Aggregated statistics in Awstats are kept for 5 years maximum, although I may delete them earlier to free up space on my hosting account.

What rights you have over your data

If you have an account on this site (you don’t, only I do), or have left comments, you can request to receive an exported file of the personal data I hold about you, including any data you have provided to me. You can also request that I correct or erase any personal data I hold about you. This does not include erasure of any data I may be obliged to keep for administrative, legal, security or other legitimate purposes. You can also at any time request the removal of one or all webmentions originating from your website.

Where I send your data

Visitor comments and visitor’s IP addresses are checked through an automated spam and attack detection service. I use Jetpack, Wordfence and Akismet for this.

My contact information

You can contact me using the information on the right hand side. You can use encrypted email to do so.

How I protect your data

All interaction with this website is encrypted traffic, by using https. My webserver, on which all data for this blog is stored, is protected by my web hosting company Your-Webhost. I cannot circumvent or alter their protective measures, nor do so without breaching their terms of service. My own access to this website, the back-end at my hosting company, and the front-end WordPress, is protected with strong passwords and non-standard usernames.

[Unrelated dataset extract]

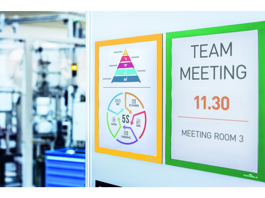 Informačný panel s magnetickou časťou na zadnej strane rámika na jednoduché a rýchle vkladanie informácie formátu A4. Vhodný na hladké magnetické povrchy, napr. magnetickú tabuľu. Farba žltá. V balení 5 ks.

I use three plugins, Jetpack, Akismet and Wordfence to shield against spam and attacks.

What data breach procedures I have in place

If you think data on this site may have been breached please contact me. With my web-hosting provider I will look into it, and report back to you.
If I get notified about a breach by my web-hoster I will inform those that have commented, and will post an announcement in my blog itself.
If I suspect there may have been a breach I will notify my web-hosting provider and work with them to prevent futures breaches, inform those who have commented on my site and post an announcement in my blog itself.

What automated decision making and/or profiling I do with user data

If you submit a comment to this site, or if you try to gain access to this website’s controls, you may be automatically classified as spammer or a malicious attacker and automatically blocked or blacklisted. If you submit a comment for the first time, or a comment that contains weblinks, it will be automatically held for moderation, and will not be published until I have looked at it. If you have previously approved comments published on my blog, you will be automatically permitted to do so again using the same credentials.